What is needed:
When you copy the records that follow, please keep every word exactly as it is and leave out the pictures.

········

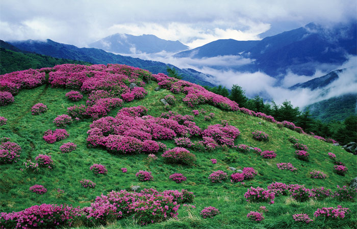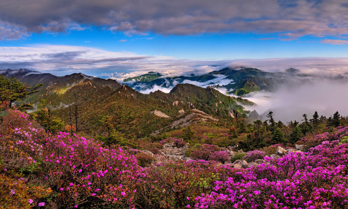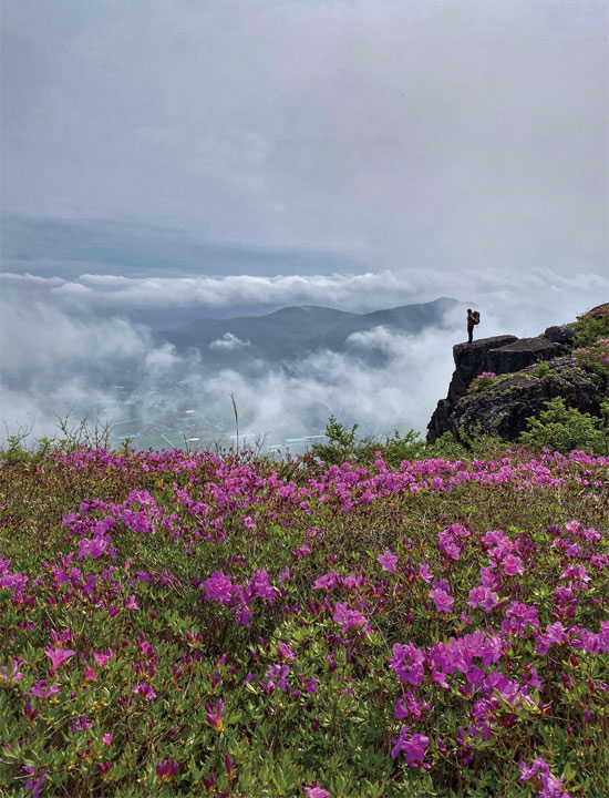 전남 장흥과 보성 경계의 사자산(667m) 철쭉 군락지. 호남정맥의 명불허전 자연 화원인 제암산과 일림산 사이에 사자산이 있다. 바닷바람을 맞으면서도 씩씩하게 핀 철쭉의 낭만과 운해가 환상 교향곡을 경치로 그려 낸다. 사진=민미정
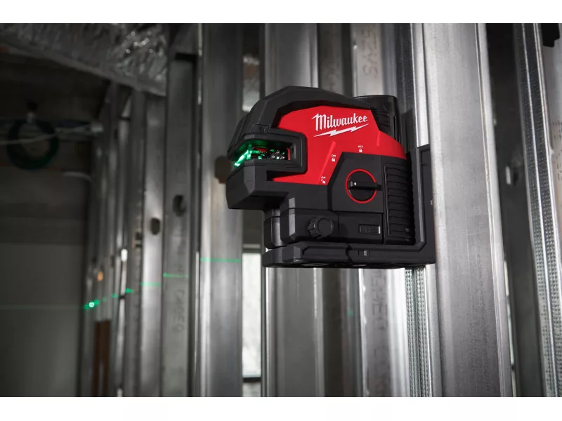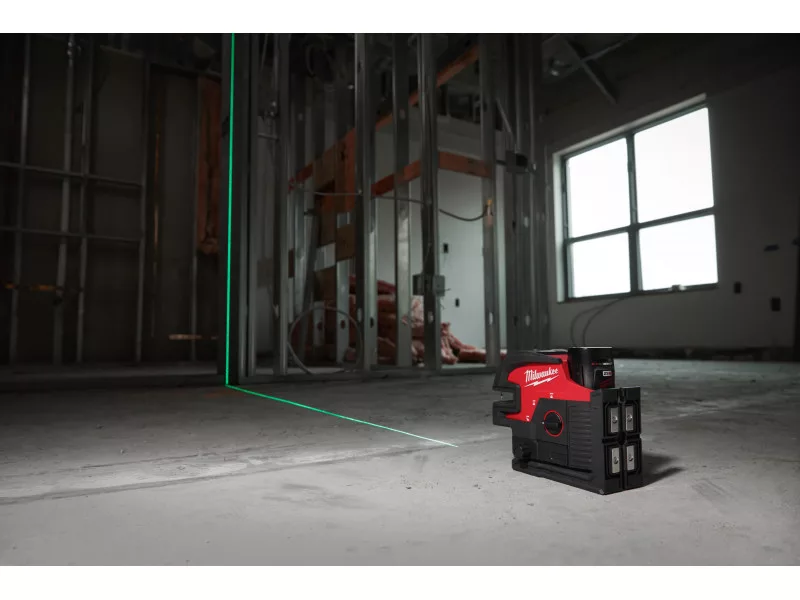 • Der M12™ grüne Kreuzlinienlaser mit 4 Punkten bietet eine All-in-One-Funktion: horizontales Nivellieren, vertikale Ausrichtung, vertikale Punktabgabe vom Boden zur Decke und horizontale Punktabgabe
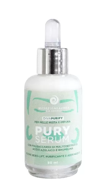 PURY SERUMDIVA PURIFY con polisaccaridi di maltodestrosio, acido azelaico e bromelina ad azione sebo-lift, purificante e astringente Indicato per pelle impura, mista, acneica e punti neri MY BEAUTY ROUTINE Agita prima dell’uso DETERGI LA PELLE PRIMA DELL’USO VAPORIZZA IL TONICO-MIST APPLICA SU VISO, COLLO E DECOLLETE SE NECESSARIO APPLICA LA CREMA VISO O IL BOOSTER NOTTE DIVADIVINE
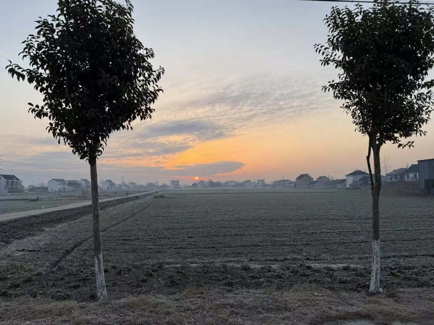 开阔田野向远方铺展,落日把天际晕染成温柔的橘橙,田垄在暮色里静静呼吸,车窗外的乡野暮色,是都市里难寻的治愈底色。
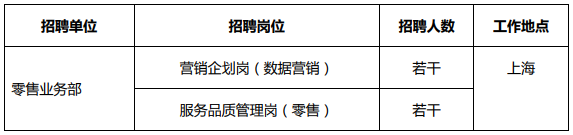 三、招聘崗位列表 (工作地點為上海的崗位,主要面向上海地區招聘)
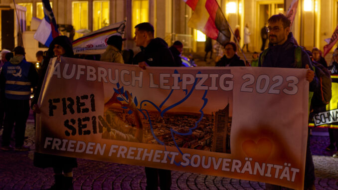 Am Sonnabend, 04.11.2023, fanden in Leipzig gleich mehrere Veranstaltungen statt. Auf dem Augustusplatz führte das Bündnis Aufbruch Leipzig eine Kundgebung mit anschließender Demonstration um den Leipziger Ring durch.

········

Solution to the problem:
 전남 장흥과 보성 경계의 사자산(667m) 철쭉 군락지. 호남정맥의 명불허전 자연 화원인 제암산과 일림산 사이에 사자산이 있다. 바닷바람을 맞으면서도 씩씩하게 핀 철쭉의 낭만과 운해가 환상 교향곡을 경치로 그려 낸다. 사진=민미정
 • Der M12™ grüne Kreuzlinienlaser mit 4 Punkten bietet eine All-in-One-Funktion: horizontales Nivellieren, vertikale Ausrichtung, vertikale Punktabgabe vom Boden zur Decke und horizontale Punktabgabe
 PURY SERUMDIVA PURIFY con polisaccaridi di maltodestrosio, acido azelaico e bromelina ad azione sebo-lift, purificante e astringente Indicato per pelle impura, mista, acneica e punti neri MY BEAUTY ROUTINE Agita prima dell’uso DETERGI LA PELLE PRIMA DELL’USO VAPORIZZA IL TONICO-MIST APPLICA SU VISO, COLLO E DECOLLETE SE NECESSARIO APPLICA LA CREMA VISO O IL BOOSTER NOTTE DIVADIVINE
 开阔田野向远方铺展,落日把天际晕染成温柔的橘橙,田垄在暮色里静静呼吸,车窗外的乡野暮色,是都市里难寻的治愈底色。
 三、招聘崗位列表 (工作地點為上海的崗位,主要面向上海地區招聘)
 Am Sonnabend, 04.11.2023, fanden in Leipzig gleich mehrere Veranstaltungen statt. Auf dem Augustusplatz führte das Bündnis Aufbruch Leipzig eine Kundgebung mit anschließender Demonstration um den Leipziger Ring durch.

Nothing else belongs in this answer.